WHAT THE EXERCISE ASKS:
In the listing beneath this line, copy exactly the lines starting with the one containing "Una vez obtenida" and going on through the one containing "به استحضار می".
------
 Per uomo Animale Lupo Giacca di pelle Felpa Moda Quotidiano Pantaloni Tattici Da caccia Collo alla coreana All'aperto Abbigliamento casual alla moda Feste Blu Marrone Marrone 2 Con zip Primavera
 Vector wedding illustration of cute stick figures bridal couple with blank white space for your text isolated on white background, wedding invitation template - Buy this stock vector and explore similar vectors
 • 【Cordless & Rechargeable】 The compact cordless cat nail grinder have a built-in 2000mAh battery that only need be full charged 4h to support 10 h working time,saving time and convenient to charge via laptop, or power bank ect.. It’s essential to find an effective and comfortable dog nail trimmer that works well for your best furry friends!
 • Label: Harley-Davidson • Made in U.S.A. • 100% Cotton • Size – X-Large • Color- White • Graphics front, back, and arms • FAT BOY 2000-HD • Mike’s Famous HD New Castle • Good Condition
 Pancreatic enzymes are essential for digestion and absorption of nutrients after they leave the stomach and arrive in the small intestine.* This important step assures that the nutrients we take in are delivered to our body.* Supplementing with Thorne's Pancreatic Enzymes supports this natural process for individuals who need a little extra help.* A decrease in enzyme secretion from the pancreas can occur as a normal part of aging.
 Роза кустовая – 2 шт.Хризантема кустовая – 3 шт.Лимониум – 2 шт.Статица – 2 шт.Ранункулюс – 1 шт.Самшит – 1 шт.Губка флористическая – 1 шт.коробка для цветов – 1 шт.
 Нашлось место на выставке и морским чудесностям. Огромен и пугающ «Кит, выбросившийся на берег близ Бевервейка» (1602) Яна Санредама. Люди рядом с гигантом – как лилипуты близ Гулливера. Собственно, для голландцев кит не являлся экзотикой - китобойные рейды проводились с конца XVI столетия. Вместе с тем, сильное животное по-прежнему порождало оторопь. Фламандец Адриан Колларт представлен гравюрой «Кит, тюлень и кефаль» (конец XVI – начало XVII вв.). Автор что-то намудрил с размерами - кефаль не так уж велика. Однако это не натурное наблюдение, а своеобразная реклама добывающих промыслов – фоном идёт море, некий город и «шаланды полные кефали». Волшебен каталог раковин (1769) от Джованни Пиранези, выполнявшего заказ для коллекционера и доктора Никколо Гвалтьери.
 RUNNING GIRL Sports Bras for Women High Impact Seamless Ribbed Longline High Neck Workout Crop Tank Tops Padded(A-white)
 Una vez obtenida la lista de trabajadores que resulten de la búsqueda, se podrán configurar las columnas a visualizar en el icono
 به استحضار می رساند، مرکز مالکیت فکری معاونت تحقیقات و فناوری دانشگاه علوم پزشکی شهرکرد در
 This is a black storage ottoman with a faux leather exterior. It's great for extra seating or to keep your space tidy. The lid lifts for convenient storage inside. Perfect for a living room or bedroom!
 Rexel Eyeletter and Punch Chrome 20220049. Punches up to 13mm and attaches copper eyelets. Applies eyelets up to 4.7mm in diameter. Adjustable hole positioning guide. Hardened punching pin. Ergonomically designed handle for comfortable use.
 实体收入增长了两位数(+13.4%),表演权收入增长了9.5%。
------
REPLY:
 Una vez obtenida la lista de trabajadores que resulten de la búsqueda, se podrán configurar las columnas a visualizar en el icono
 به استحضار می رساند، مرکز مالکیت فکری معاونت تحقیقات و فناوری دانشگاه علوم پزشکی شهرکرد در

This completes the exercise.